Blog Hop: Thoughts on creative process and where I’m at now

….so, a few months ago, my friend and fellow Hope creative writing alum Katie Budris (sidenote: the photo in that post was one I took on film in 2006, when she visited Schenectady, NY, where I was living at the time) asked me to participate in a blog hop with her. I asked a few people to keep this going and participate with me, but it was a crazy point in the semester and I had no takers. I just realized I didn’t hit publish while I was waiting for responses, and well, here we are.

Not much has changed, so I’m posting this now. Creative friends, if you want to join after the fact, let me know!

Some thoughts on my writing and photography these days….

I am preparing a collection of essays that I hope will be part of a graduate school application and eventually a full-length manuscript. Part of this process will involve submitting for publication in journals, which terrifies me. I completed an undergraduate degree in English with creative writing emphasis a decade ago (!!!) and chose not to pursue graduate school at the time because I felt burnt out and like I hadn’t really had material to begin with. I’m very grateful for the experience as it was a workshop-intensive curriculum that taught me how to give and receive constructive criticism on my work, and I do feel I grew as a writer during those four years. But I left knowing I needed to just go live, and let the stories accumulate.

And, they have. I now feel like I have more stories than I have time to write, which is a new and frustrating problem! I have three children and work fulltime as a commercial photographer, which leaves exactly no time for writing unless I drag myself out of bed in the morning to do it. And that’s what I’m trying to do. I largely failed this summer, but I did write and am working on making it more disciplined practice. I have a finished room in my attic that’s my art/craft/writing studio. I’ve had this space for five years and have let it just scare the shit out of me, seriously. I have gone out of my way to avoid this room. And I have only just realized how much time I wasted, that I could have been up here writing (where I am now) in this little haven all this time. So last weekend, I took a few hours to clean it out, to prepare surfaces and organize things, and create up here.

My writing is almost entirely creative non-fiction. I want to write lines that snap. I want to pull from my life experience and write a story that hums, that is beautiful and tightly written. Most of it will draw from my feeling of being constantly between cultures and never fully in one (I am half-Cuban, and my husband was born in Pakistan). Identity politics matter a lot to me, as well as the varied details that make us human: how we dress, what we eat, and why.

I just finished re-reading Naomi Shahib Nye’s short non-fiction piece “Mint Snowball,” and it’s this sort of poetic essay that I’m most drawn to, I think partly because I can’t really give up poetry and am still writing some in the background. And maybe publish that, but it’s not really my focus at the moment. But I do think and write and photograph like a poet, zooming in on these glowy or messy little moments that focus in on a tight glimmer of the human experience.

Perhaps the “how is your work different” question is the one that stumps me most, about my writing and my photography. I spent a lot of years comparing myself to other writers in my program, or to other photographers locally, and that always makes me feel about two inches tall and like an untalented hack.
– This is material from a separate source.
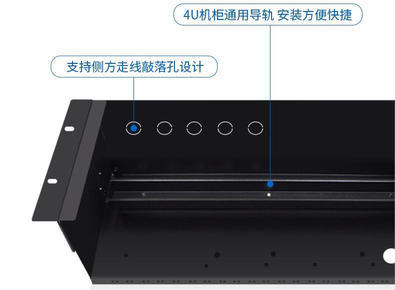 2.通用導(dǎo)軌,安裝更快捷:鍍鋅材質(zhì)堅(jiān)固耐,4U機(jī)柜采用通用導(dǎo)軌設(shè)計,組裝起來更為方便快捷,同時支持側(cè)方走線敲落孔。

So lately I’ve tried to focus on making my work really sing on its own, to focus on creating and presenting work to the world that I feel is polished and completed according to my standards for that project, and to worry much less about how it’s received or whether it’s different. For instance, a few years ago I started to try to only use my own editing process for photos, because I was worrying too much about the trends of portrait photography. That’s really allowed me to relax into my work.

For both writing and photography, I’ve found it’s really important to know the craft. I’ve spent a lot of time on learning off-camera lighting, for instance, so that I can worry less about technical concerns and more about the photo session at hand. It’s a really great feeling to walk into a shoot and know that I can usually creatively handle the lighting even if it’s not what I expect. For writing, it means reading more poetry and creative non-fiction to get back in that rhythm. And writing, often and freely. And need to go back to revisit some grammar rules that I’ve noticed are growing rusty in my craft!

At my office at work, I taped William Stafford’s poem “How These Words Happened” to my wall. And I’ve listened over and over to interviews with Natasha Trethewey and Elizabeth Alexander, loving how they talk about their craft and words and inspiration. Alexander talks about being a mother, too, about women who have written around the kitchen table.

Oh, and I’ve listened to PoetryFoundation.org’s recording of Gwendolyn Brooks’ “Children of the Poor” close to 50 times in the past couple of months. The reading is beautiful — I don’t know who is reading it, but his voice is emphatic and sonorous and lovely — and every time I hear it, I notice something new she’s done with language.

Why do I work? I think beause I have to, because ever since I was old enough to write, I’ve strung words together. I still have a book of poems I wrote as a kid, and what cracks me up is that there’s a poem about snow. I grew up in north Georgia and probably only ever saw a dusting, so maybe it was reading Little House on the Prairie so many times, but there it is: lines about snow falling.

Writing and telling stories is my way of relating to the world, and trying to understand what I see and experience.